▶ WORK ORDER: Please, without the pictures, retype exactly the lines from the start of the material through the line that holds "10月14日,工人在河北省灤".

▶ DATA TO USE:

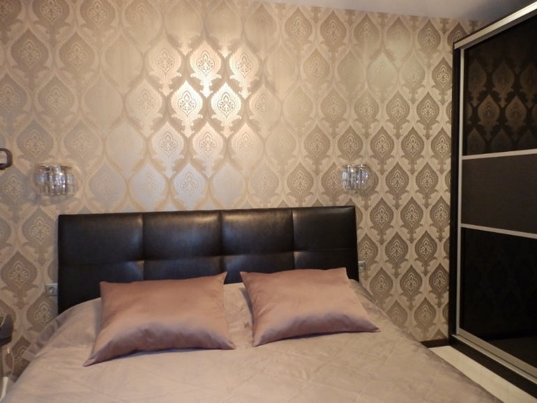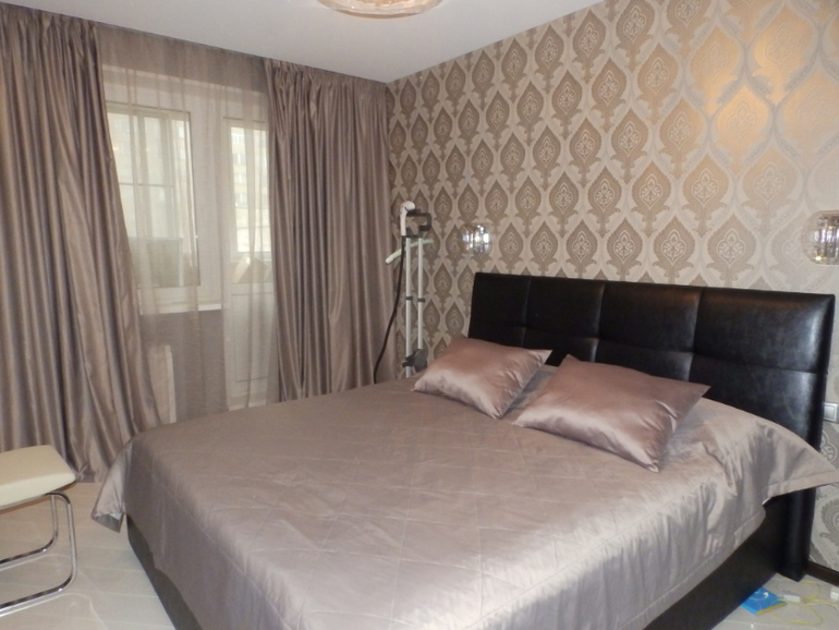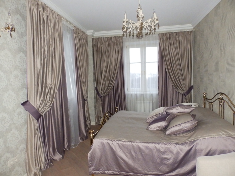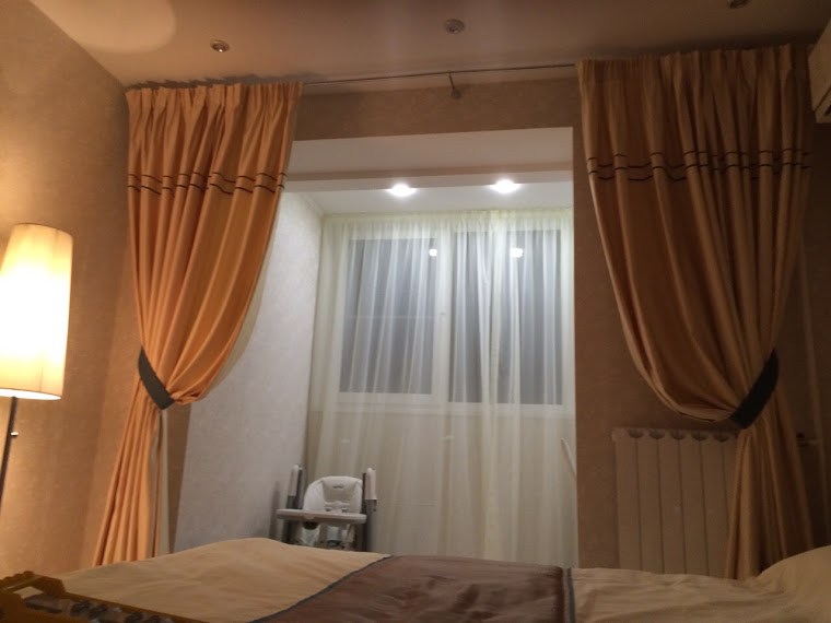 -спальня. портьеры - уплотненный атлас, с уменьшенным проблеском. тюль- тонированная уплотненная жатка. покрывало со стежкой по основной части, на подкладе.
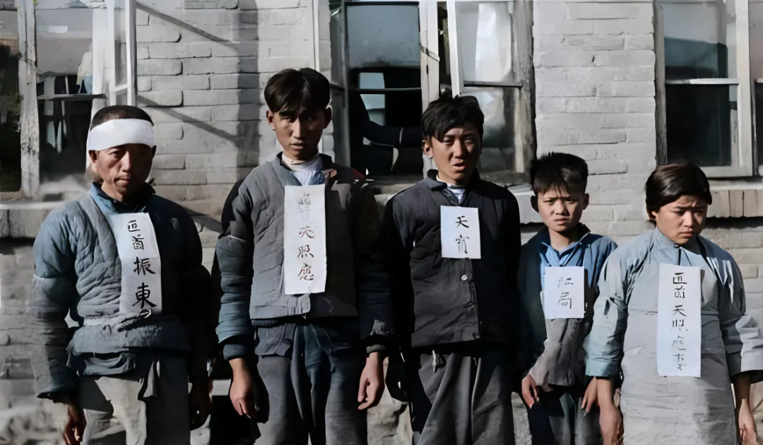图中胸前挂牌的人叫被“栽赃”的普通百姓,粗棉袄褪了色,灰蓝一片,牌子用白纸剪成长条,黑墨字歪歪扭扭钉在棉扣上,风从窗缝里灌进来,纸角抖了两下,他们站在砖房檐下不敢动,左边那个头还缠着纱布,显然挨过一顿,场面看着就硬邦邦的凉。
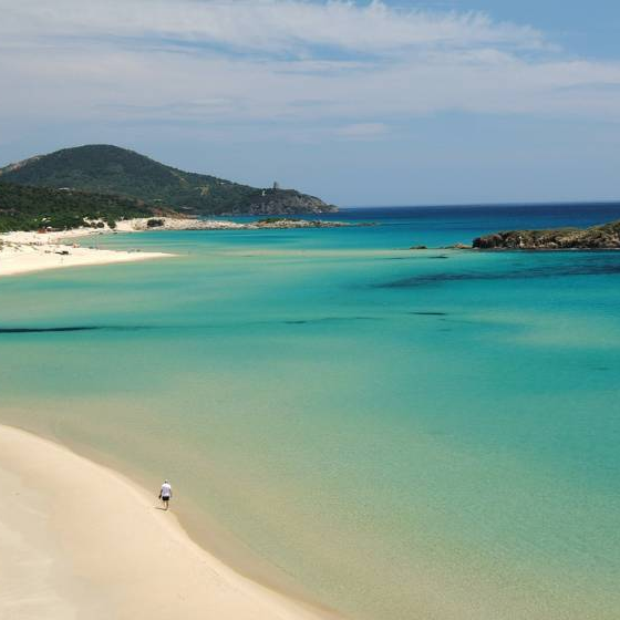 Tuerredda is a sheltered cove between Capo Malfatano and Capo Spartivento, often compared to Caribbean beaches for its color. A small islet sits just offshore and the calm, sandy seabed makes the bay excellent for swimming and snorkeling.
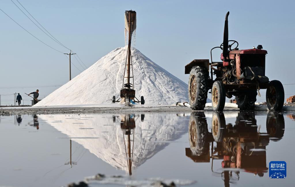 10月14日,工人在河北省灤南縣嘴東經(jīng)濟開(kāi)發(fā)區鹽場(chǎng)收獲秋鹽。
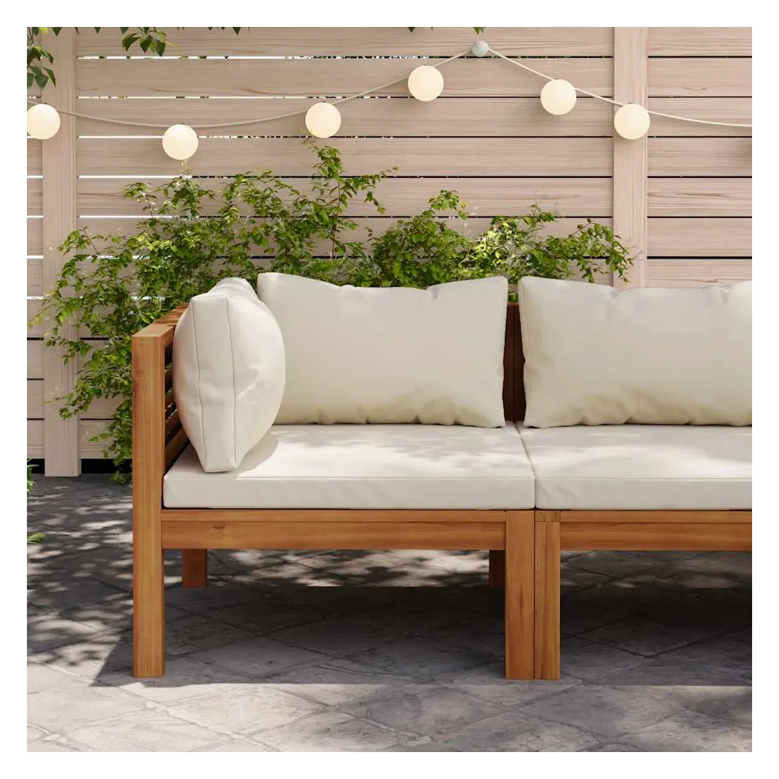Ce canapé d'angle sectionnel en bois allie style et fonctionnalité et est conçu pour être utilisé à l’extérieur toute l’année. Fabriqué en bois d'acacia massif, le siège d'angle est solide, robuste et durable. Sa finition à l'huile rend le canapé adapté à une utilisation dehors. Les coussins d'assise et de dossier rembourrés offrent le confort suprême pendant votre expérience d'assise. Vous pouvez le combiner avec d'autres segments modulaires disponibles pour créer vos propres configurations de salon de jardin ! Remarque : Afin de prolonger la durée de vie de vos meubles d'extérieur, nous vous recommandons de les nettoyer régulièrement et de ne pas les laisser à l'extérieur sans protection inutilement.Nettoyage : Utiliser une solution savonneuse douce.Stockage : Si possible, stockez dans un endroit frais et sec à l'intérieur. Si le produit est stocké à l'extérieur, protégez-le avec une housse imperméable. Essuyez et séchez l'excès d'eau ou de neige des surfaces planes après la pluie ou une chute de neige. Permettez une circulation d'air suffisante afin d'éviter les dommages liés à l'humidité.
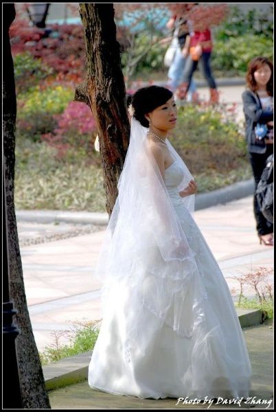 湖边小山坡后面别有洞天,人们有打拳跳操的,有谈情说爱的,还有个新娘在拍婚纱照。
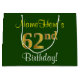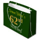Elegant, Green, Faux Gold 62nd Birthday + Name Large Gift Bag
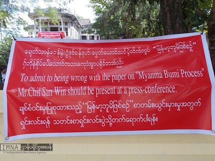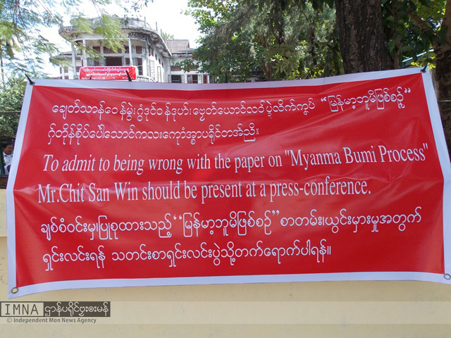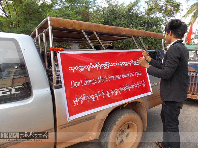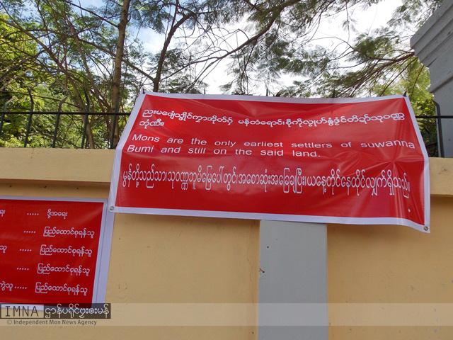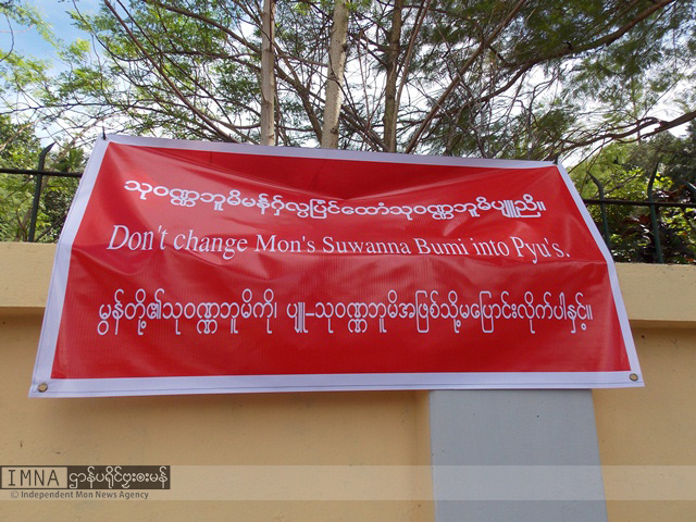 “ရှေ်သှေ်သ္ပဂရုအခေါၚ်အရာမၞိဟ်ညိ၊ ကေုာံဓရ်ညဳသာအပ္ဍဲဍုၚ်ညိ၊ သုဝဏ္ဏဘူမိမန်ဂှ် လ္ပပြံၚ်သ္ပထောံသုဝဏ္ဏဘူမိ ပျူညိ၊ ညးမဖျေံသ္ဇိုၚ်ကၠာအိုတ်ဂှ် မန်တံရောၚ် ဒဵုကဵုလၟုဟ်နွံမံၚ်တိဍာ်သုဝဏ္ဏဘုံဏီ၊ ချေတ်သာန်ဝေန်မွဲဂွံဒုၚ်ဝန်ဒုဟ် ဗၠေတ်ယောၚ်လဝ်ပ္ဍဲလိက်ကၞပ် “မြန်မာ့ဘူမိဖြစ်စဉ်”ဂှ် တိုန်စိုပ်ပေဲါသောၚ်ကလးအ္စာပရိုၚ်တံညိ၊ ညးမေဖျောန်ထောံဝၚ် နသာ်အရံၚ်ဟွံဍာံဂှ် ပိုဲဟွံမွဲပၟိက်၊ လ္ပလုက်စုက်ပကီုပရာပ် ဂုဏ်စရာဲကောန်ဍုၚ်အရၚ်တံညိ”သာ်ဝွံသီုမန်ဗၟာၜါဘာသာချူလဝ်တုဲ“ တိုင်းရင်းသားစည်းလုံးညီညွတ်ရေး – ဒို့ အရေး၊ တိုင်းရင်းသားဖိနှိပ်သူ – ပြည်ထောင်စုရန်သူ၊ တိုင်းရင်းသားအခွင့်အရေးကိုချိုးဖောက်သူ – ပြည်ထောင်စုရန်သူ၊ တိုင်းရင်းသားသမိုင်းဆေးဆိုးသူ – ပြည်ထောင်စုရန်သူ၊ တိုင်းရင်းသားစည်းလုံးညီညွတ်ရေး ဖြိုးခွဲသူ – ဒို့ရန်သူ”သာ်ဝွံ ချူကာတ်ဗါန်လဝ်ရ။
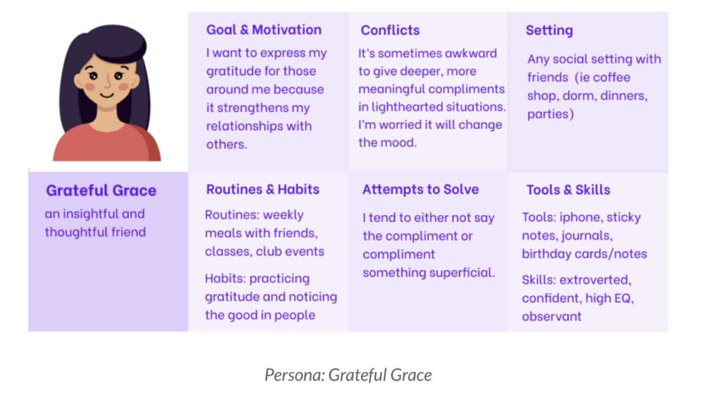 My favorite activities in the class were persona-building and the intervention study as they both helped my team define the users we are building for and what are the most important tasks for our users. I’ve seen the power of personas in industry before, so I was excited to build our own. Building our personas, Grateful Grace and Nervous Nick, allowed us to better understand the needs, goals and pain points of our users. It brought our idea to life in a way and also created unity within our team as we would talk about features in our app in terms of these personas for the rest of the quarter. I also loved our intervention study because it provided invaluable feedback and reinforced that our idea was good and would be used. I mostly ran the study by myself as I was the moderator texting compliments back and forth. It was the most fun study I have ever run as seeing the compliments that friends were giving each other made my day. After analyzing the results, we were able to identify patterns and trends and understand the context behind the behavior of giving compliments. In the past (i.e. 147), I never discovered big insights from studies because they seemed rushed and didn’t have a specific purpose, so I was really happy that the studies in this class didn’t feel like that at all. My favorite class throughout the quarter was definitely the class about colors. My new goal is to now create a company in which people all around the world can identify the product based on a single color.
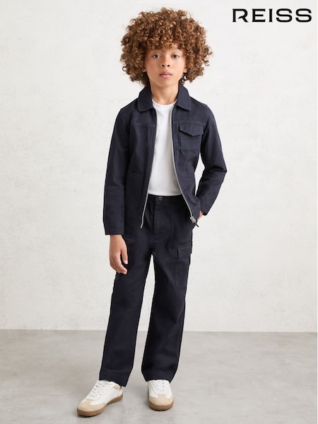Reiss Navy Alpine 9-13 yrs Cotton Wide-Leg Cargo Trousers
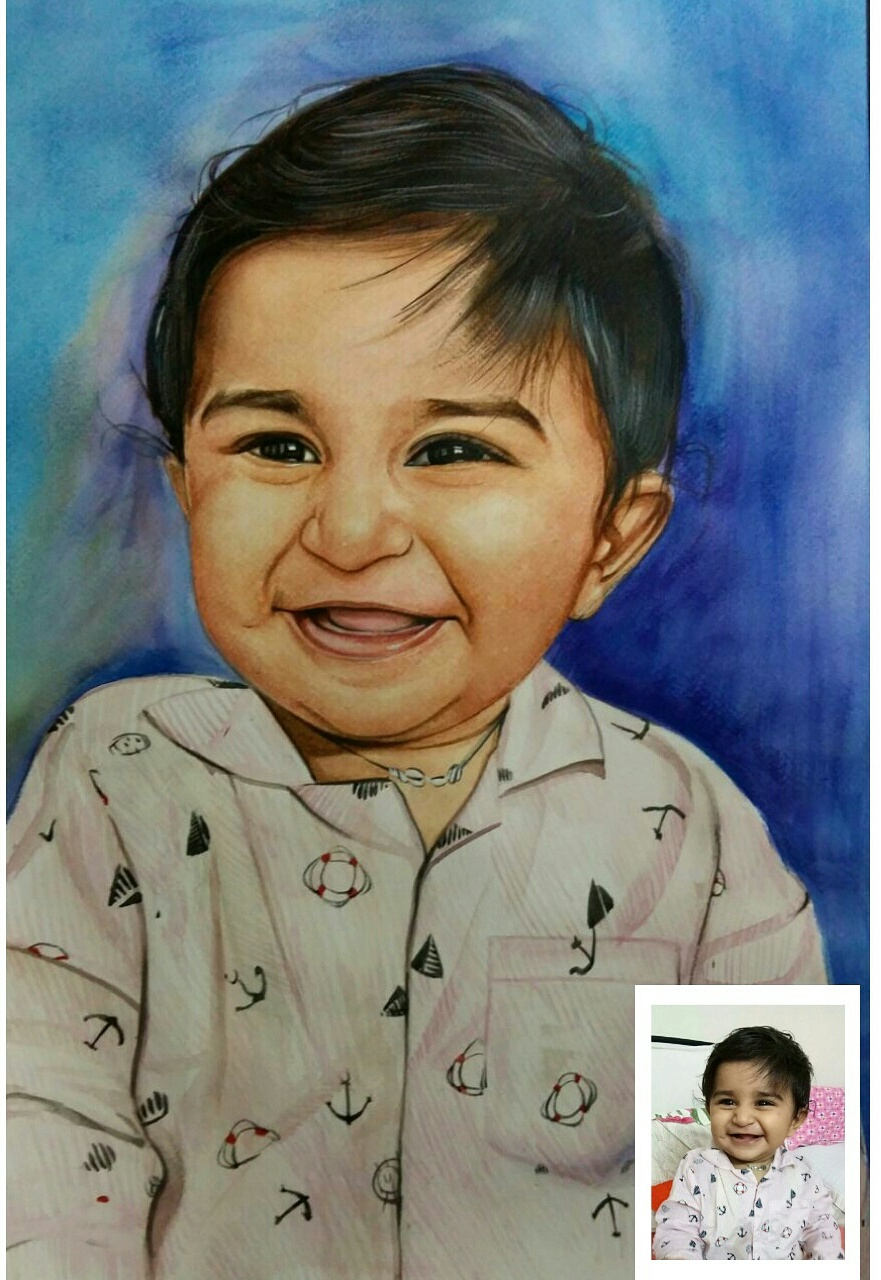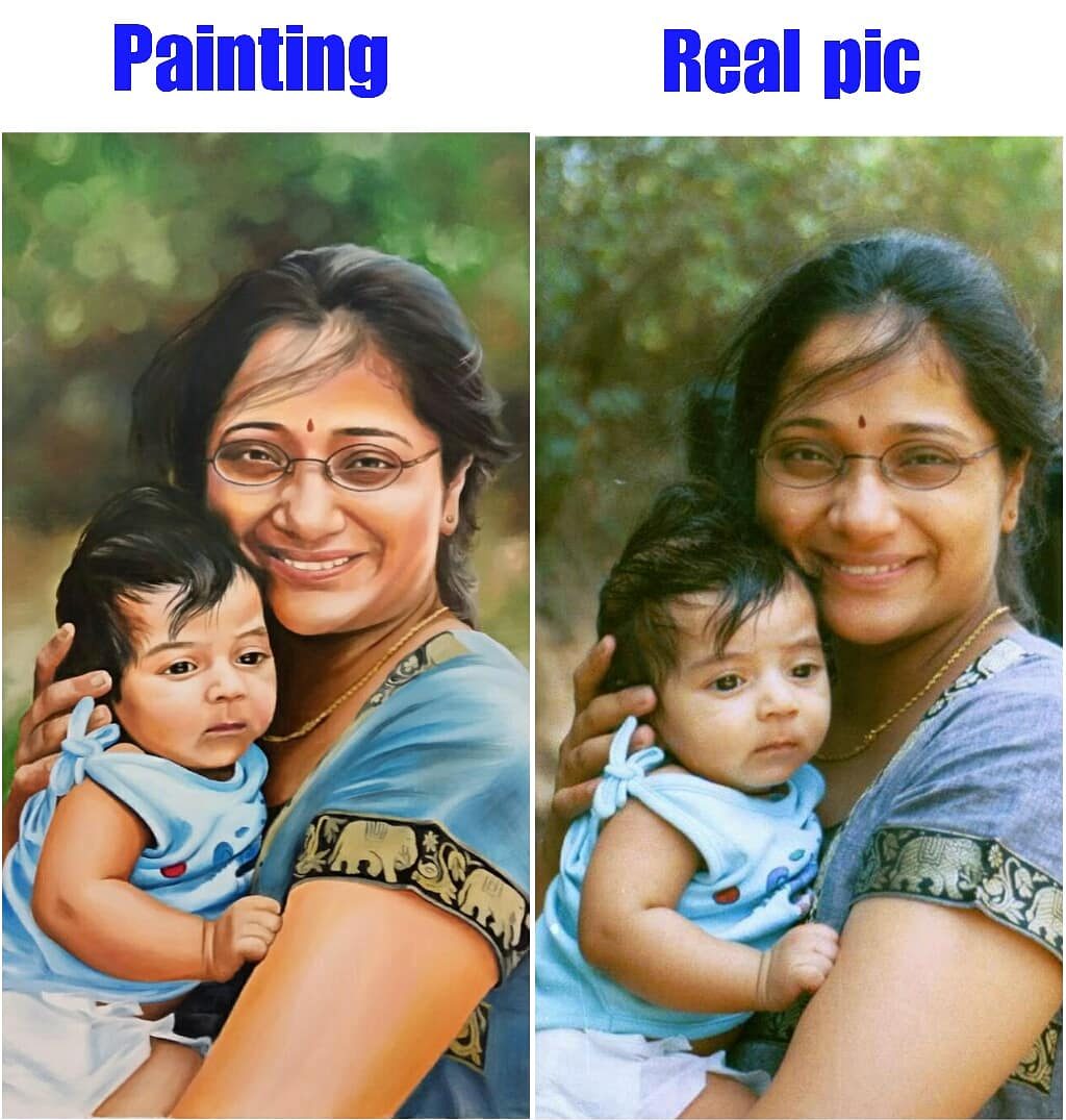 Authentic 100% Handmade Baby Oil Painting from Photo made by the professional portrait artists. Each piece is unique with even the utmost attention to minute details. A boon to the artistic world and definitely the best gift for the New parents to adorn their house walls with a human-made real-life painting embracing their love.

▶ OUTPUT OF THE TASK:
 -спальня. портьеры - уплотненный атлас, с уменьшенным проблеском. тюль- тонированная уплотненная жатка. покрывало со стежкой по основной части, на подкладе.
图中胸前挂牌的人叫被“栽赃”的普通百姓,粗棉袄褪了色,灰蓝一片,牌子用白纸剪成长条,黑墨字歪歪扭扭钉在棉扣上,风从窗缝里灌进来,纸角抖了两下,他们站在砖房檐下不敢动,左边那个头还缠着纱布,显然挨过一顿,场面看着就硬邦邦的凉。
 Tuerredda is a sheltered cove between Capo Malfatano and Capo Spartivento, often compared to Caribbean beaches for its color. A small islet sits just offshore and the calm, sandy seabed makes the bay excellent for swimming and snorkeling.
 10月14日,工人在河北省灤南縣嘴東經(jīng)濟開(kāi)發(fā)區鹽場(chǎng)收獲秋鹽。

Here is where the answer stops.